Tuesday, June 14, 2016

The Post Marathon Post: Part II...8 months later

This post was originally titled "The Post Marathon Post: Part II...7 months later." That changed this morning. I left my blog in the starting gate. Not sure if that's irony or not. It's been a hard 8 months.

I started training for this marathon a year and a half ago. I remember a conversation with my good friend during the course of our training (she was in the process of training for her first full Ironman) and she had this quote that she shared with me "Remember why you started." I held that quote close to my heart because it reminded me of her and our friendship as I pushed through the long Saturday runs of training. And I thought of this as I pushed through the grueling 5 hours and 58 minutes that I ran my marathon.

Sitting here, eight months removed from my marathon, I look back on why I started and what that race means to mean. I started because I wanted to lose weight. I started because I was trying to regain my life in a job that left me feeling overworked and needing mental time for myself. I started because I wanted to prove that my life was full and meaningful even without a husband or children. I started because I didn't think I could do it. Even as I gathered my things up the morning of my marathon to get on the bus to the start line, I doubted myself. I doubted that I could do it. There has to be a small amount of crazy in someone that wants to willingly run 26.2 miles in a certain amount of time. Was I crazy?

The marathon experience is hard to explain to someone unless they've actually done it. It's not actually 26.2 miles, at least it wasn't to me. To me it was a series of 1 miles increments.
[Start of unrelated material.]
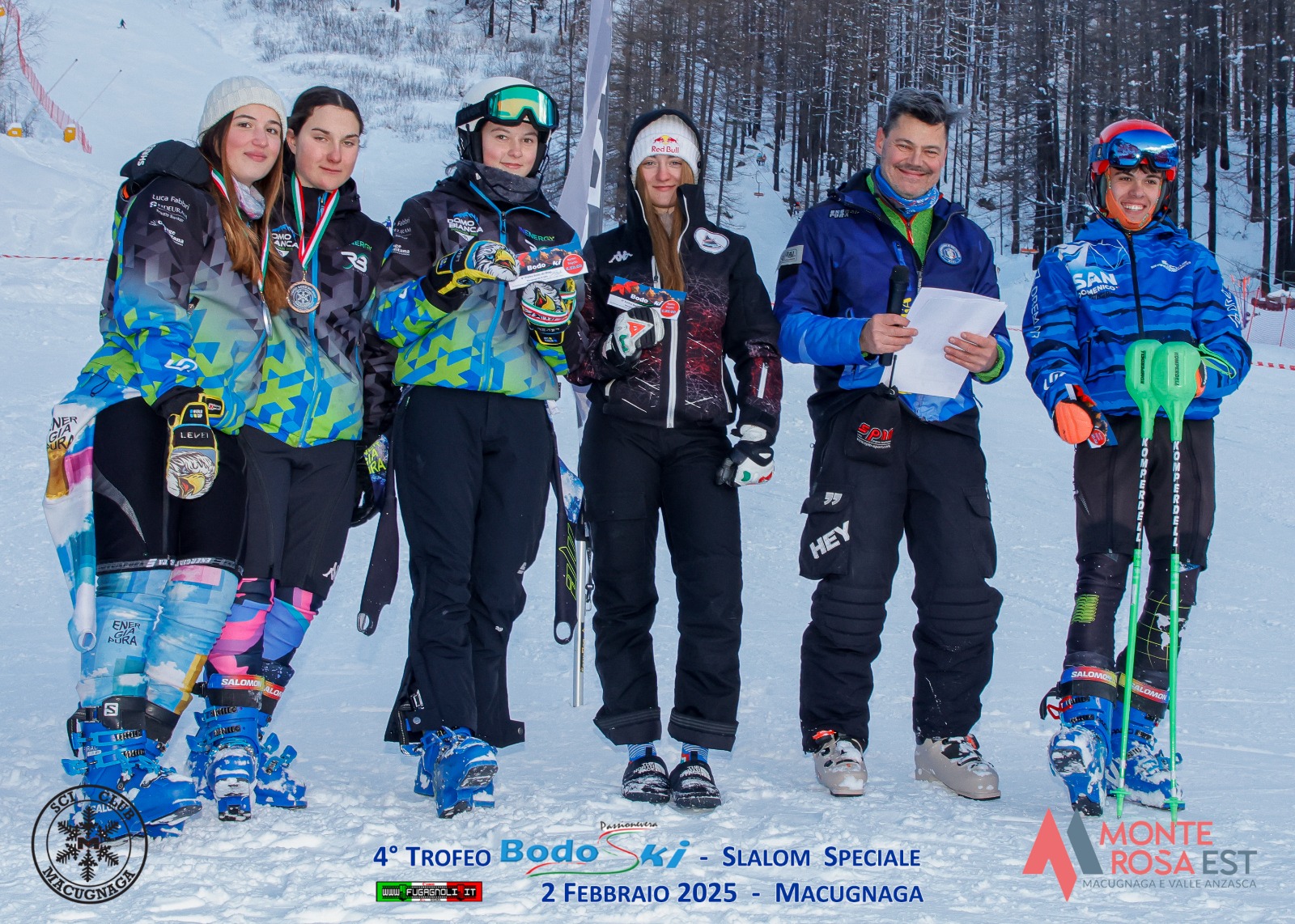 Nello slalom speciale, tra gli under 14 sul podio femminile troviamo prima e seconda due iscritte allo SC Formazza: Gaia Cervini e Aurora De Nicolo; al terzo posto Camilla Villaraggia del Revolution Ski Race.

And when a mile seemed too impossible at the end, it was running from tree to tree. And cheering section to cheering section. And then it became just putting one foot in front of another. And when I didn't think I had anything left, there was my friend who literally ran with me to the end.

Three weeks later, I had knee surgery on my meniscus. I had injured it in August, but with an amazing group of physical therapists and appointments three times a week, I made it through the marathon. I'm not sure they really know how much they did for me. They weren't just there healing my body, they genuinely cared about me as a person. They were genuinely excited for me when I came back and had finished my marathon. They encouraged and pushed and supported in ways I didn't even know I was missing, until there they were.

Training for and running my marathon was one of the best things I've ever done in my life. The reasons I run are endless. The things I've gained are endless. The questions I still have are endless. I'm by no means a marathon expert, but what I would tell people is to find their own marathon. Find the thing that you're not really sure if you can do, and do it. If nothing else, try. Maybe you'll fail. But what if you succeed?